The dyes of formula (I) are useful as filter dyes for any of the purposes and in any of the locations described above where it would be known to one skilled in the art to use filter dyes. Such elements generally comprise a support having thereon one or more radiation-sensitive layers, usually silver halide layers along with a number of other layers known to those skilled in the art, as described below.
The support of the element of the invention can be any of a number of well known supports for photographic elements. These include polymeric films such as cellulose esters (e.g., cellulose triacetate and diacetate) and polyesters of dibasic aromatic carboxylic acids with divalent alcohols (e.g., poly(ethylene terephthalate)), paper, and polymer-coated paper. Such supports are described in further detail in Research Disclosure, December, 1978, Item 17643 [hereinafter referred to as Research Disclosure], Section XVII.
The radiation-sensitive layer of the element of the invention can contain any of the known radiation-sensitive materials, such as silver halide, diazo image-forming systems, light-sensitive tellurium-containing compounds, light-sensitive cobalt-containing compounds, and others described in, for example, J. Kosar, Light Sensitive Systems: Chemistry and Application of Nonsilver Halide Photographic Processes, J. Wiley & Sons, N.Y. (1965). Radiation-sensitive materials exhibiting sensitivity to blue light and especially those sensitive to blue light and at least some other wavelength of radiation are preferred, as the dyes according to the invention can be advantageously used to absorb some or all of the blue light.

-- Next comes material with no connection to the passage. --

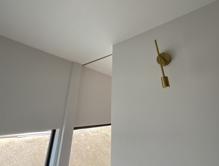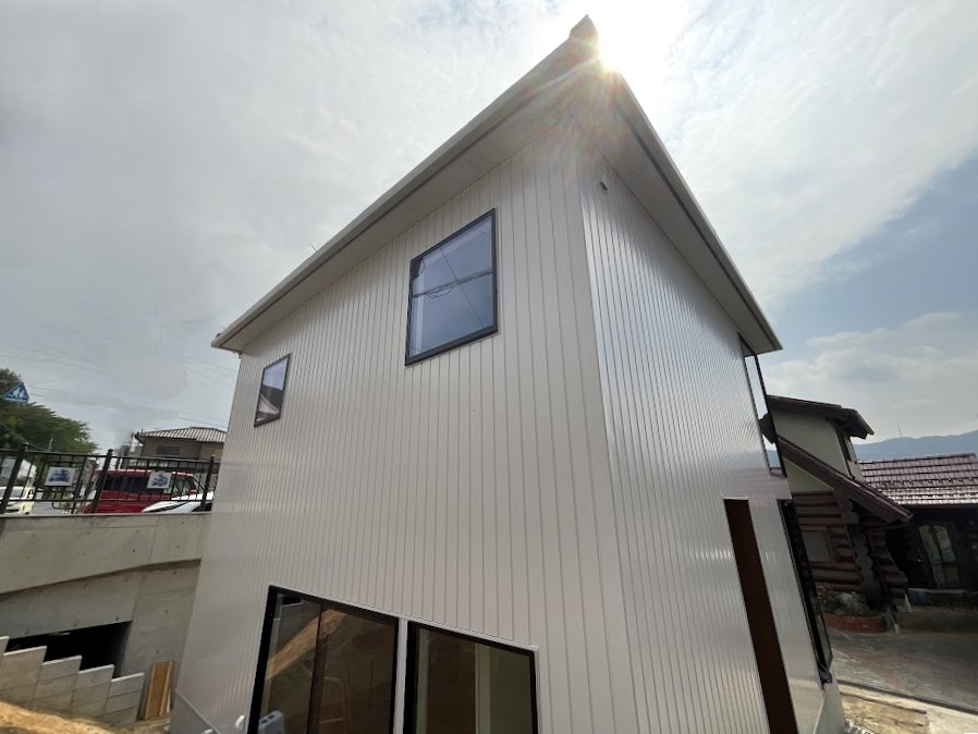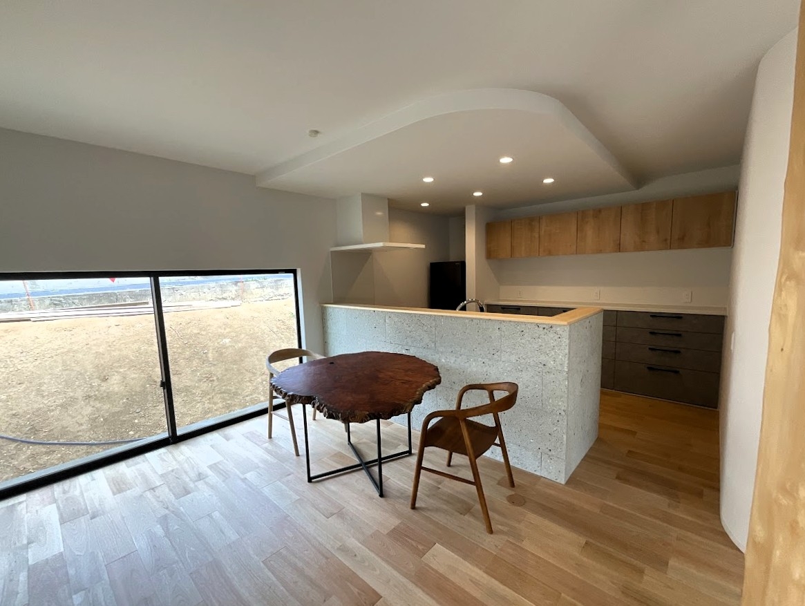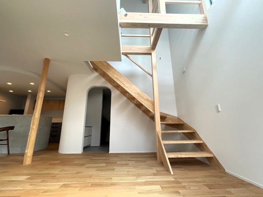 道路から一段下がる、限られた面積の計画地。ここで大切にしたのは、二つの要素だった。 ひとつは、道路からの視線を外して切り取る大きな開口。 もうひとつは、LDKと廊下を一体化させた、正方形のシンプルな間取りである。 簡潔で機能的な骨格に、曲線(R)を用いた柔らかな内装と、木や大理石の素材感を重ねた。 外観は道路からの見え方を意識し、方形屋根が印象に残る端正な佇まいとしている。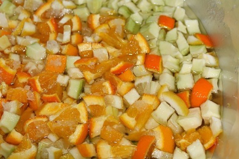 В большой миске смешай кабачки и цитрусовые и засыпь их сахаром. Оставь настояться на 5 часов, а лучше на всю ночь. Так ингредиенты станут слаще и пустят сок.

Silver halide is especially preferred as a radiation-sensitive material. Silver halide emulsions can contain, for example, silver bromide, silver chloride, silver iodide, silver chlorobromide, silver chloroiodide, silver bromoiodide, or mixtures thereof. The emulsions can include coarse, medium, or fine silver halide grains bounded, for example, by 100, 111, or 110 crystal planes. Silver halide emulsions and their preparation are further described in Research Disclosure, Section I. Also useful are tabular grain silver halide emulsions, as described in Research Disclosure, January, 1983, Item 22534 and U.S. Pat. No. 4,425,426.
The radiation-sensitive materials described above can be sensitized to a particular wavelength range of radiation, such as the red, blue, or green portions of the visible spectrum, or to other wavelength ranges, such as ultraviolet, infrared, X-ray, and the like. Sensitization of silver halide can be accomplished with chemical sensitizers such as gold compounds, iridium compounds, or other group VIII metal compounds, or with spectral sensitizing dyes such as cyanine dyes, merocyanine dyes, styryls, or other known spectral sensitizers. Additional information on sensitization of silver halide is described in Research Disclosure, Sections I-IV.
The radiation sensitive material and the dye of formula (I) are preferably dispersed in film forming polymeric vehicles and/or binders, as is well-known in the art. These include both naturally occurring and synthetic binders, such as gelatin and gelatin derivatives, polyvinyl alcohols, acrylamide polymers, polyvinylacetals, polyacrylates, and the like. Additional disclosure relating to useful vehicles and/or binders can be found in Research Disclosure, Section IX. In certain instances, especially where the dye is mobile (e.g., a dye with one or more SO3.THETA. substituents), it may be advantageous use the dye in combination with a mordant, such as polyvinylimidazole or polyvinylpyridine, to aid in immobilizing the dye. The technology of mordanting dyes is well-known in the art, and is described in further detail in Jones et al U.S. Pat. No. 3,282,699 and Heseltine et al U.S. Pat. Nos. 3,455,693 and 3,438,779.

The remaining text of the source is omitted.